**DATASET EXCERPT:**

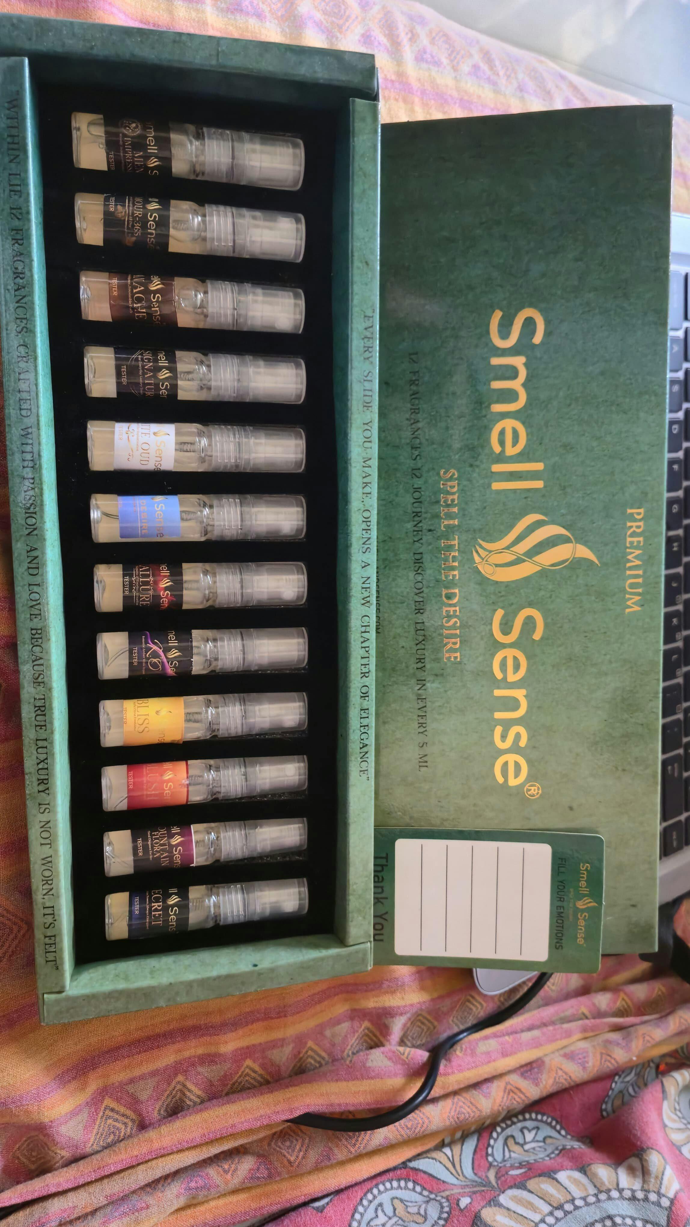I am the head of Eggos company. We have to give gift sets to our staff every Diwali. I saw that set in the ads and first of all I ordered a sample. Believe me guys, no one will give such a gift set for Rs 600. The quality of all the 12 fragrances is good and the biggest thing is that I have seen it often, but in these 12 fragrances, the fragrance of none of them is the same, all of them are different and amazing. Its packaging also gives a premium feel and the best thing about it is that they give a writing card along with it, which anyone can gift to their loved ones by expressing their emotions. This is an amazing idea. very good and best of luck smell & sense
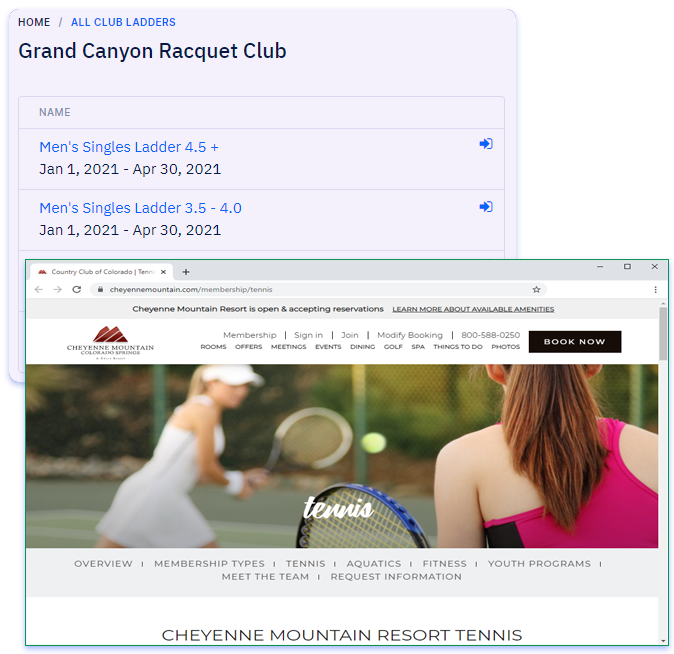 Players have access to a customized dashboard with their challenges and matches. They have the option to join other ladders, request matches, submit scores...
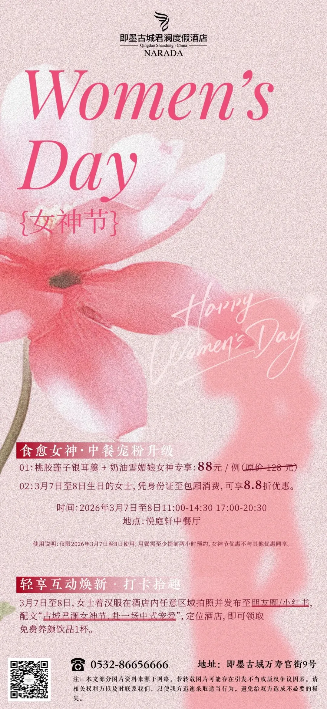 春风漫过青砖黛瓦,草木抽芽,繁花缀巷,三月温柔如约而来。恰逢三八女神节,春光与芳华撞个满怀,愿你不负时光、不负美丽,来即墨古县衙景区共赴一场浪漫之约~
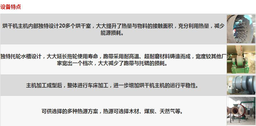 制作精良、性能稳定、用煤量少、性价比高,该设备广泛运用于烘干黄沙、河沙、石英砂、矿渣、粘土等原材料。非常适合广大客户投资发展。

**WHAT IS EXPECTED:**
A word-for-word copy of the data, without its pictures, is what is needed.

**FINAL ANSWER:**
I am the head of Eggos company. We have to give gift sets to our staff every Diwali. I saw that set in the ads and first of all I ordered a sample. Believe me guys, no one will give such a gift set for Rs 600. The quality of all the 12 fragrances is good and the biggest thing is that I have seen it often, but in these 12 fragrances, the fragrance of none of them is the same, all of them are different and amazing. Its packaging also gives a premium feel and the best thing about it is that they give a writing card along with it, which anyone can gift to their loved ones by expressing their emotions. This is an amazing idea. very good and best of luck smell & sense
 Players have access to a customized dashboard with their challenges and matches. They have the option to join other ladders, request matches, submit scores...
 春风漫过青砖黛瓦,草木抽芽,繁花缀巷,三月温柔如约而来。恰逢三八女神节,春光与芳华撞个满怀,愿你不负时光、不负美丽,来即墨古县衙景区共赴一场浪漫之约~
 制作精良、性能稳定、用煤量少、性价比高,该设备广泛运用于烘干黄沙、河沙、石英砂、矿渣、粘土等原材料。非常适合广大客户投资发展。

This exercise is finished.